Nobel Prize in Chemistry Awarded to David Baker and Alphafold Team
David Baker, along with the team behind Alphafold, just won the 2024 Nobel Prize in Chemistry! This award recognizes their amazing work on understanding proteins. David Baker’s team created a new protein, and Demis Hassabis and John Jumper from Alphafold solved a big problem in predicting protein structures.
This discovery helps us better understand the important roles proteins play in our bodies, like controlling hormones and defending us with antibodies. Heiner Linke from the Nobel Committee said, “This year’s discoveries have given us a better understanding of how proteins work, opening up new possibilities in science.”
Fei-Fei Li’s World Labs Teams Up with Google Cloud
Fei-Fei Li’s World Labs is partnering with Google Cloud to train their AI models on spatial intelligence. This partnership is worth hundreds of millions of dollars and gives them access to Google’s huge GPU resources. These are super important for handling big tasks like processing videos and mapping data.
World Labs is now worth over a billion dollars and is using Google’s GPUs, though they’re still sticking with Nvidia for the time being. Even though this deal isn’t exclusive, Google is taking care of most of their computing needs for now.
OpenAI Expands with New Global Offices
OpenAI is growing fast and setting up new offices in cities around the world, including Singapore, Paris, and Brussels. They’ve got a lot of funding—over $6.4 billion—and after some changes in their leadership, they’re focusing on going global.

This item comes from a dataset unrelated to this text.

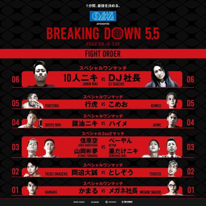 11月3日に「BreakingDown6」が決定済みで出場選手募集をかけているさなかに決まった「BreakingDown5.5」は、7月に開催された「BreakingDown5」のスピンオフ企画で、朝倉未来のYouTubeチャンネルにて無料配信される。
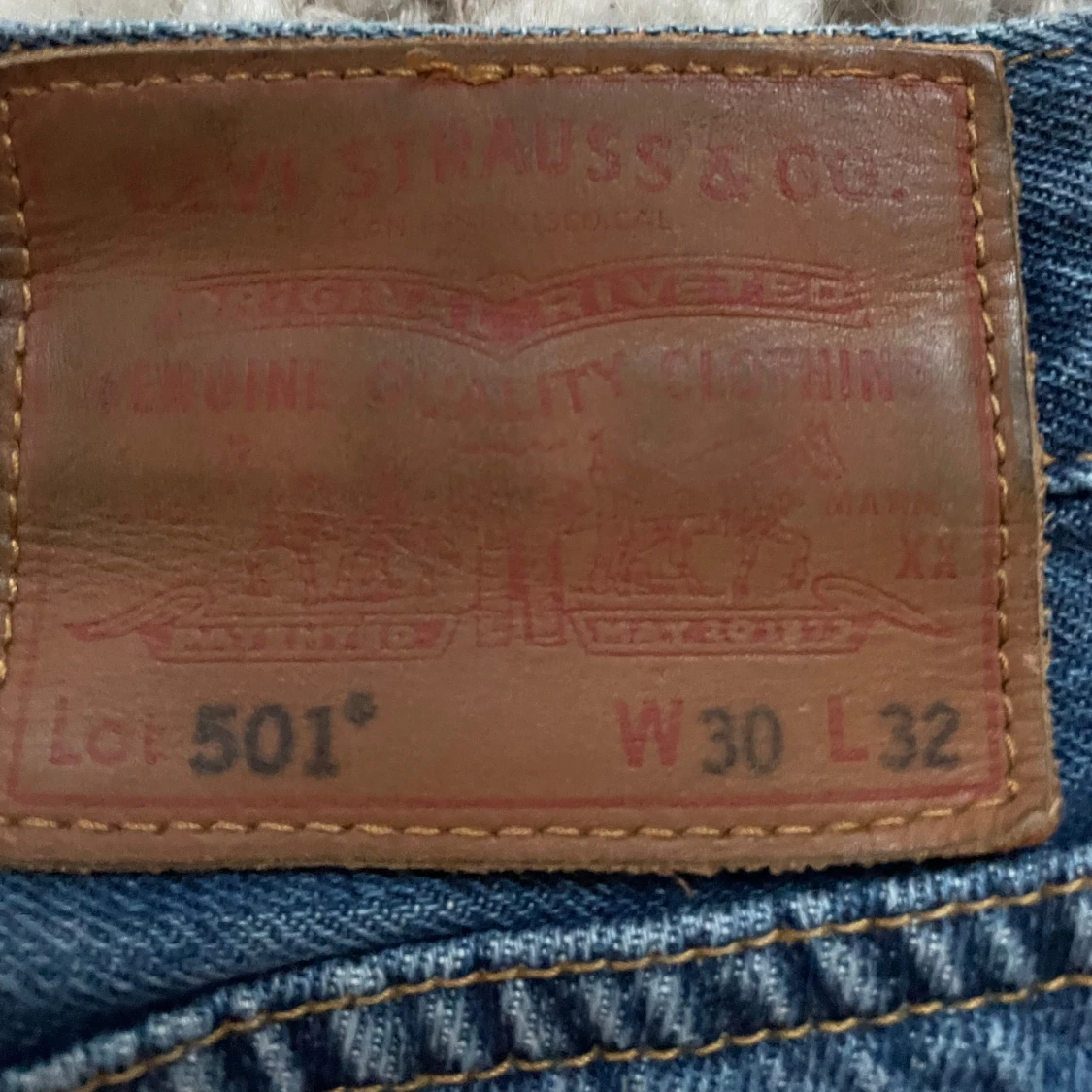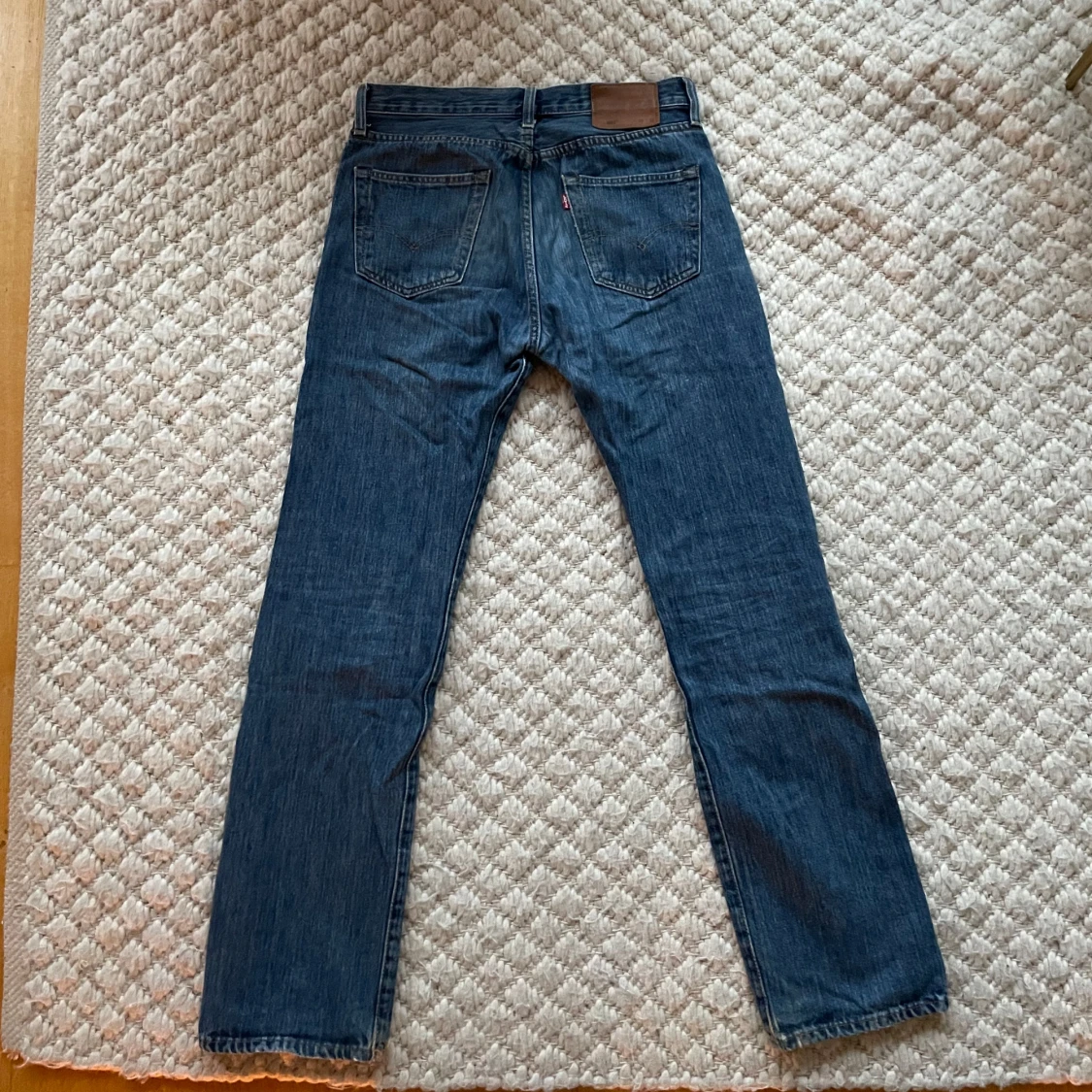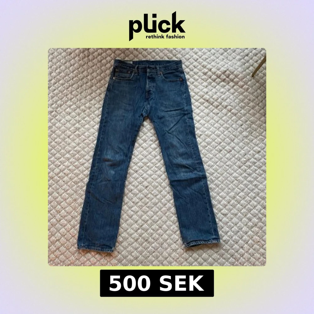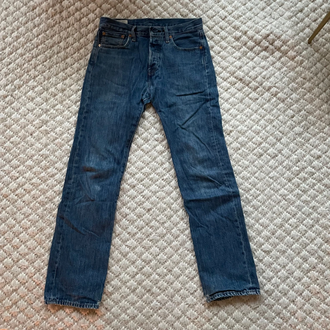 Klassiska blå Levis 501 jeans med rak passform och knappgylf. Perfekta för en avslappnad stil. Tillverkade i slitstarkt denim. Nypris 1200. Lite slitna längd nere på jeansen.

In Singapore, OpenAI will be working with AI Singapore to help spread AI across Southeast Asia. The new Singapore office will be up and running by the end of the year, led by Oliver Jay, who is overseeing international operations.
Adobe to Protect Artists with New Tools
Starting in early 2025, Adobe is rolling out new tools to help digital artists protect their work from being copied or stolen by AI. Artists will be able to use digital credentials, like invisible watermarks and digital fingerprints, to show they own the work.
This is great for creators who want to make sure their art stays under their control, even when it’s shared online. And the best part? These credentials will be available to both Adobe users and non-Adobe users. Adobe is working with other companies to make sure everyone can use this new system.
ByteDance Unveils GR-2: A New Robot
ByteDance has introduced their latest robot, GR-2, which has learned from over 38 million video clips. This robot can do over 100 tasks with amazing accuracy! It learns from watching people do everyday activities and can even predict movements.
Right now, GR-2 is really good at picking up objects, but ByteDance says that with more real-world data, GR-2’s abilities will grow even more.